4.    Prinsip sistem integrasi yang menegaskan bahwa nasip unsur-unsur satu pola tergantung pada nilai unsure tersebut selaku faktor pemersatu.
Keseimbangan adalah konsep keteraturan berdasarkan kondisi khusus seperti diterapkan kepada keadaan internal sebuah sistem empiris dalam hubungan dengan lingkungannya. Keteraturan itu tidaklah terpola secara kaku atau tanpa dapat berubah.
Menurut definisi perubahan stuktural dalam suatu sistem sosial adalah perubahan dalam kultur normatif sistem sosial bersangkutan. Saling ketergantungan unit-unit dalam satu sistem berarti bahwa perubahan fundamental dalam unit tertentu mungkin menimbulkan sejenis perubahan dalam unit lain, dan perubahan ditingkat tertentu sisitem itu mempengaruhi sejenis perubahan ditingkat lain.
Jenis proses ketiga adalah diferensiasi struktural. Pada dasarnya diferensiasi adalah proses yang menyebabkan berjenis-jenis perubahan yang sesuai dengan nilai-nilai dasar masyarakat. Jenis proses keempat yang ditemukan dalam karya Parsons adalah evolusi masyarakat. Parsons menganalisis evolusi sosial ini menurut satu paradigma yang dimulai dengan diferensiasi.
Diferensiasi menimbulkan masalah integrasi. Semakin rumpil sistem sosial, semakin banyak unit yang harus dikoordinasi. Paradigma untuk mempelajari evolusi sosial, mencakup masalah nilai. Pola nilai harus berpengaruh sesuai dengan sifat sistem sosial yang baru muncul.
Empat ciri universal evolusi sosial yang penting bagi semua sistem sosial adalah :
1.      Bentuk komunikasi.
2.      Organisasi kekeluargaan.
3.      Agama, dan
4.      Teknologi ( yang mungkin masih primitif).
Keempat ciri mendasar ini memungkinkan perkembangan evolusi selanjutnya, selama perkembangannya itu masyarakat secara bertahap akan ditandai oleh lima ciri universal lain: sistem stratifikasi, legitimasi kultur terhadap sistem stratifikasi itu, organisasi birokrasi, sistem uang dan pasar, norma universal, dan pemerintahan demokraktis.
Parsons mengemukakan tingkat umum perkembangan evolusi: tingkat primitif, menengah, modern.
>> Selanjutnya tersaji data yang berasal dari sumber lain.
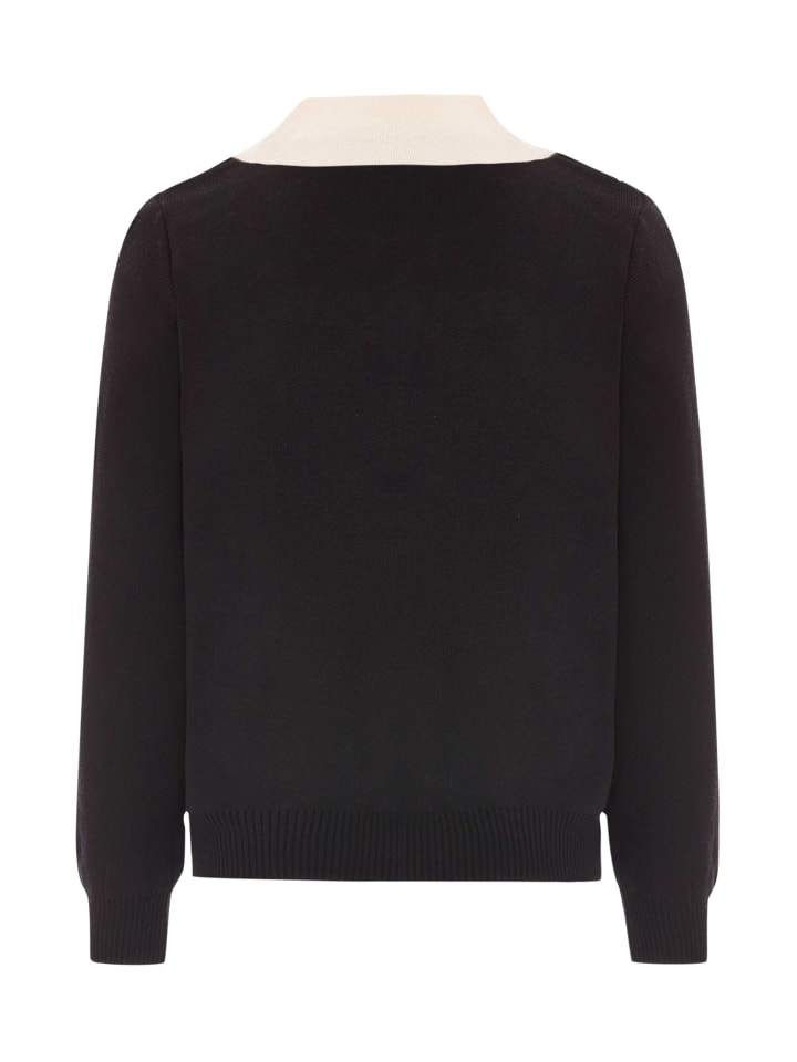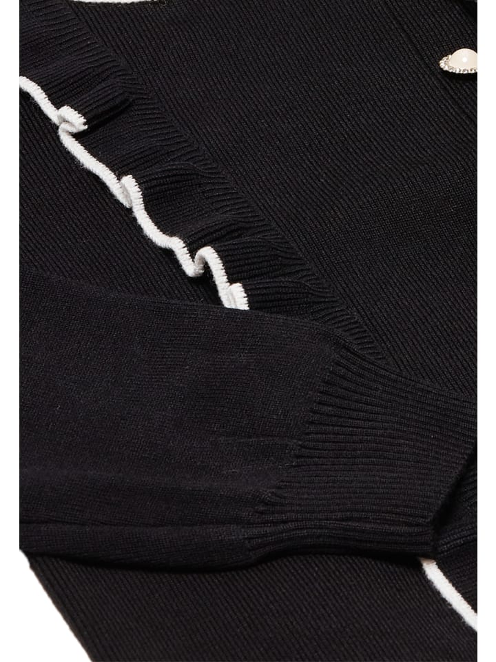Представляем элегантный кардиган с длинными рукавами, очаровательным воротником «Питер Пэн» и оборкой по переду. Декоративный бант на вырезе, украшенный декоративными пуговицами, добавляет элегантности. Ребристые манжеты и подол обеспечивают удобную и стильную посадку, гармонично сочетая классические и женственные элементы дизайна. Разработано совместно Faina и Nascita.

Perubahan sama sekali tidak pernah mengubah pola, melainkan menghasilkan daya tahan. Untuk menghasilkan daya tahan ini dibutuhkan upaya yang sangat besar. Dalam kenyataannya, kehebatan ketegangan itu sendiri takpernah mendapatkan perubahan secara memadai. Ketegangan mungkin dapat diselesaikan sedemikian, sehingga struktur tetap utuh. Karena itu, sebagai tambahan terhadap ketegangan yang memuncak, perubahan dibantu oleh empat faktor:
1.   Mekanisme yang mampu menghasilkan ketahanan tak terelakan dari pola-pola struktural yang telah melembaga.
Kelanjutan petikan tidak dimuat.